External experts confirm data leakage from GMO Payment Gateway clients’ websites
Payment Card Forensics say no other websites were affected apart from the two initially reported to have suffered data breaches.
About three weeks have passed since Japanese provider of payment processing services GMO Payment Gateway Inc (TYO:3769) admitted that it had detected a data leakage from two of the websites of its clients. The data leakage had reportedly affected the websites of the Tokyo Metropolitan Government and the Japan Housing Finance Agency.
Today, one of the companies hired by GMO PG to investigate the leakage – Payment Card Forensics, Inc., published an update on the progress of the investigation conducted by the external experts.
Putting it briefly, Payment Card Forensics’ team agrees with the findings of GMO Payment Gateway’s report into the case. The Payment Card Forensics’ report makes the following three points:
- Illegal access to the Tokyo Metropolitan Government credit card payment site for metropolitan tax was confirmed. The data leakage on March 10, 2017, concerned credit card numbers, expiration dates, mail addresses.
- Illegal access to credit card payment site for group life insurance rider of the Japan Housing Finance Agency was confirmed. The data leakage on March 10, 2017, affected information such as credit card payment registration dates, security codes, etc.
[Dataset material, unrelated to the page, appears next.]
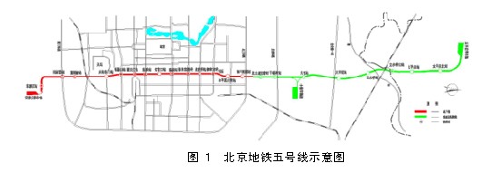 北京地铁五号线是贯穿京城南北的一条轨道交通干线,线路经过了丰台、崇文、东城、朝阳和昌平等五个区,全长27.6km,共设车站22座。根据规划条件及环境要求,南段线路采用地下线路形式,在北四环路以北采用高架或地面线路形式,其中,地下线路长度16.9km,占全线长度的61%,地下车站16座;高架及地面线路长度10.7km,占全线长度的39%,高架车站5座,地面车站1座。(见图1)

- Unauthorized access was not confirmed for any other website apart from the two websites just mentioned.
Payment Card Forensics was amid the external experts hired by GMO Payment Gateway to help it investigate the incident and take pre-emptive measures so that such data breaches do not happen in the future. Payment Card Forensics is one of the members of the “Recurrence Prevention Committee” formed on March 14, 2017.
The websites affected by the data leakage are still struggling to tackle the consequences of the incident. For instance, on March 29, 2017, the Japan Housing Finance Agency published an update on its website concerning the incident, informing customers that they will be mailed a special guide on what to do with regards to the data breach. The customers were asked to confirm any payments made, the payment procedure used, the receipt of the guide itself, etc.
The days following the data breach saw numerous fraudulent attempts to acquire more information from affected customers, as they have been contacted by scammers presenting themselves as representatives of GMO Payment Gateway, the Japan Housing Finance Agency and the Tokyo Metropolitan Government, offering people to “help them in the aftermath of the incident” and asking for personal details and card data.